The chart below visually compares the tinbox project’s compile time performance prior to and after implementing the discussed code optimization.

Single-threaded compile time has improved by 17% on a cold JVM and 37% on a warm JVM.

Optimized State with Triplequote Hydra

Finally, we wanted to check that the initial speedup obtained with Hydra was still there after having optimized single-threaded compilation time.

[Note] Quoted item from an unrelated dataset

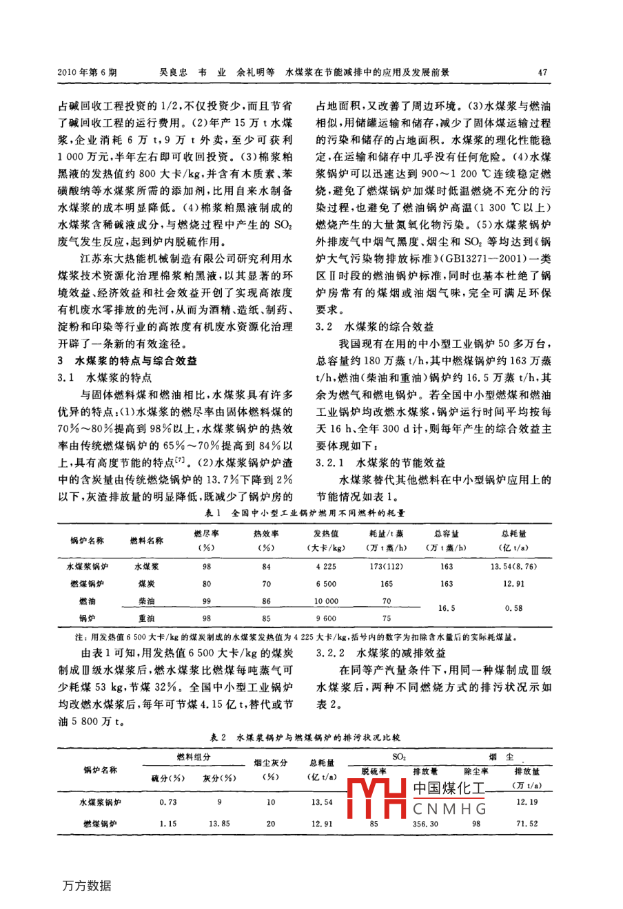 第20卷第6期中國(guó)環(huán)境管理干部學(xué)院學(xué)報(bào)Vol. 20No 62010年12月JOURNAL OF EMCCDec.201010.3969/j.issn.1008-813X.2010.06.013水煤漿在節(jié)能減排中的應(yīng)用及發(fā)展前景吳良忠1,韋業(yè)2,余禮明2,林華榮2(1.北海市海城區(qū)環(huán)境保護(hù)分局,廣西北海536000;2.北海市環(huán)境監(jiān)測(cè)中心站廣西北海536000摘要:水煤漿是由60%~68%的煤和32%~40%的水或廢水經(jīng)研磨混合,在0.5%添加劑作用下形成的一種均勻穩(wěn)定的流體潔凈燃料,以流態(tài)霧化噴燃方式燃燒。水煤漿技術(shù)基本成熟,已被廣泛應(yīng)用于工業(yè)鍋爐和窯爐。在同等條件下,水煤漿與燃煤相比可節(jié)煤32%,減排SO2和煙塵分別達(dá)到77%和82%以上;燃自制水煤漿時(shí)可節(jié)省燃料費(fèi)20%以上。將水煤漿技術(shù)應(yīng)用于治理棉漿粕黑液時(shí),不僅投資比堿回收工程少1/2,而且實(shí)現(xiàn)了零排放。自“十五”以來,國(guó)家一直十分重視水煤漿產(chǎn)業(yè),其發(fā)展前景十分廣闊關(guān)鍵詞:水煤漿;燃燒系統(tǒng);節(jié)能減排;綜合效益;應(yīng)用前景中圖分類號(hào):X24文獻(xiàn)標(biāo)識(shí)碼:A文章編號(hào):1008-813(2010)060045-05The Application and Development Prospect of CoalWater Slurry in Energy Saving and Emission ReductionWu Liangzhong, Wei Ye, Yu Liming, Lin Huarong(l. Haicheng Branch of Beihai Environmental Protection Bureau, Beihai Guangri 536000;2. Beihai Environmental Monitoring Central Station, Beihai Guangri 536000)Abstract: Coal water slurry is a kind of inform and stable clean liquid fuel made up of 60% to68% of coal and 32% to 40% of water or wastewater by adding 5% of additive after mixingand grinding, which is burnt by spraying. The technology of coal water slurry is almost ma-ture,and has been widely used in industrial boiler and furnace. In comparison with coal, onthe same conditions coal water slurry can save 32% of coal, reduce SO2 and dust emissionsbeyond% and 82% respectively. Self-prepared coal water slurry can save more than 20%of cost. When coal water slurry is applied to treat cotton pulp digestion wastewater, the in-vestment is 50% less than alkali recovery project, and can achieve zero emission. Since theTenth Five-year Plan, the Chinese government has attached great importance to coal waterslurry development, it has a wide development prospect.Key words: coal water slurry burning system; energy saving and emission reduction; compre-hensive benefit; development prospect中國(guó)煤化工收稿日期:201007-15CNMHG作者簡(jiǎn)介:吳良忠(1971—一),男,廣西北海人,畢業(yè)于廣西農(nóng)業(yè)大學(xué)環(huán)境保YHs,工贗掌熀聊響評(píng)價(jià)和生態(tài)保護(hù)方面的工作46循環(huán)經(jīng)濟(jì)與可持續(xù)發(fā)展中國(guó)環(huán)境管理干部學(xué)院學(xué)報(bào)2010年12月《國(guó)家“十一五”規(guī)劃綱要》提出了“十一五”期(60%~68%,以水或高濃度的有機(jī)廢水為輔間單位國(guó)內(nèi)生產(chǎn)總值能耗降低20%左右,主要污(32%~40%),經(jīng)專用設(shè)備研磨、充分混合,在染物排放總量減少10%的約束性指標(biāo)。我國(guó)的燃0.5%化學(xué)添加劑的作用下,形成均勻穩(wěn)定的流煤工業(yè)鍋爐(窯爐)和高濃度有機(jī)廢水污染嚴(yán)重,體。水煤漿通常以流態(tài)霧化噴燃方式燃燒2-4是節(jié)能減排工作要解決的重點(diǎn)口。為此,本文淺其基本工作程序是:水煤漿經(jīng)供漿泵輸至過濾器析了一種煤基流體清潔燃料——水煤漿在工業(yè)鍋后,在空氣壓縮機(jī)產(chǎn)生的高壓氣體作用下經(jīng)特制爐(窯爐)和高濃度有機(jī)廢水節(jié)能減排中的應(yīng)用及噴槍送入燃燒器,用油點(diǎn)火,在爐膛內(nèi)燃燒;產(chǎn)生發(fā)展前景。的廢氣經(jīng)高效除塵脫硫處理后,由煙囪排入大氣1水煤漿的制備與燃燒系統(tǒng)水煤漿的制備與燃燒系統(tǒng)工藝流程如圖1。水煤漿以洗精煤或低灰、低硫的原煤為主水或廢水過濾器匚廉機(jī)師漿器煤破碎皮帶秤添加劑計(jì)量泵二級(jí)攪拌器研剪機(jī)一級(jí)攪拌器過濾器空壓機(jī)儲(chǔ)氣健排空儲(chǔ)漿罐供漿泵過濾器燃燒器鍋爐或窯爐除塵脫硫油點(diǎn)火圖1水煤漿的制備與燃燒系統(tǒng)工藝流程2水煤漿技術(shù)的應(yīng)用現(xiàn)狀中的應(yīng)用2.1水煤漿在工業(yè)鍋爐(窯爐)中的應(yīng)用張家港市錦豐軋花剝絨有限責(zé)任公司產(chǎn)生的水煤漿在我國(guó)經(jīng)過近30年的研究開發(fā)、工業(yè)棉漿粕黑液高濃度有機(jī)廢水約6萬t/a。該公司性實(shí)驗(yàn)和商業(yè)性示范應(yīng)用歷程,其生產(chǎn)與應(yīng)用技鑒于黑液堿回收設(shè)施投資大運(yùn)行成本高,委托術(shù)基本成熟,已推廣到絕大部分省、區(qū)、市。據(jù)江蘇東大熱能機(jī)械制造有限公司利用水煤漿技術(shù)2006年8~9月國(guó)家發(fā)改委會(huì)同有關(guān)部門的調(diào)對(duì)棉漿粕黑液進(jìn)行資源化治理。其技術(shù)路線是:查,全國(guó)水煤漿生產(chǎn)能力達(dá)1500萬t/a以上,在將現(xiàn)有的20t/h、35t/h二臺(tái)燃煤鍋爐的燃燒系20多臺(tái)燃油鍋爐、300臺(tái)工業(yè)鍋爐及數(shù)百臺(tái)工業(yè)統(tǒng)進(jìn)行改造,使其適用于燃燒用棉漿粕黑液制成窯爐上替代燃油、燃?xì)夂腿济旱乃簼{;將棉漿粕黑液與洗精煤按一定配比,采由于水煤漿在工業(yè)鍋爐(1~150t/h)和工業(yè)用新型濕式研磨工藝制成水煤漿供鍋爐燃燒。所窯爐(陶瓷行業(yè

Hence, we ran once more the same experiments, but this time using Hydra.

The next chart visually compares the compile time performance when using the vanilla Scala 2.12.1 versus Hydra.

Notice how using Hydra yields a 2x compile time speed-up with a warm JVM. And cold compile time performance is 33% faster when using Hydra.

This all looks very promising and we now need to validate those good results by deploying Hydra in the team and on the Continuous Integration server. In particular we are checking:

  • If we can confirm the productivity gains across the day, which is a mix of cold/hot compilations, either full or incremental
  • If there is still a benefit of running Hydra on machine having only 2 cores with hyperthreading
  • If Hydra is robust and doesn’t break on some new code structure which we would be introducing
  • How we can collaborate to make better diagnostic tools to better understand the performance bottlenecks and how they evolve as the project grows

Editor’s note: The evaluation was very successful and we are very pleased to have Zalando as a customer.

Summary

Reducing compilation time of Scala programs can be challenging, but with the help of Triplequote we have obtained a drastic speedup. Using Hydra yielded a 2.66x compile time reduction for free on the initial tinbox codebase. This is impressive, as all we had to do was add a Sbt plugin to our build.

Moreover, thanks to their expertise and advanced tooling, we were able to pinpoint compile time inefficiencies that would otherwise have gone unnoticed. By detecting single-threaded inefficiencies and using Hydra to parallelize compilation, the tinbox project compiles now 3.2x faster!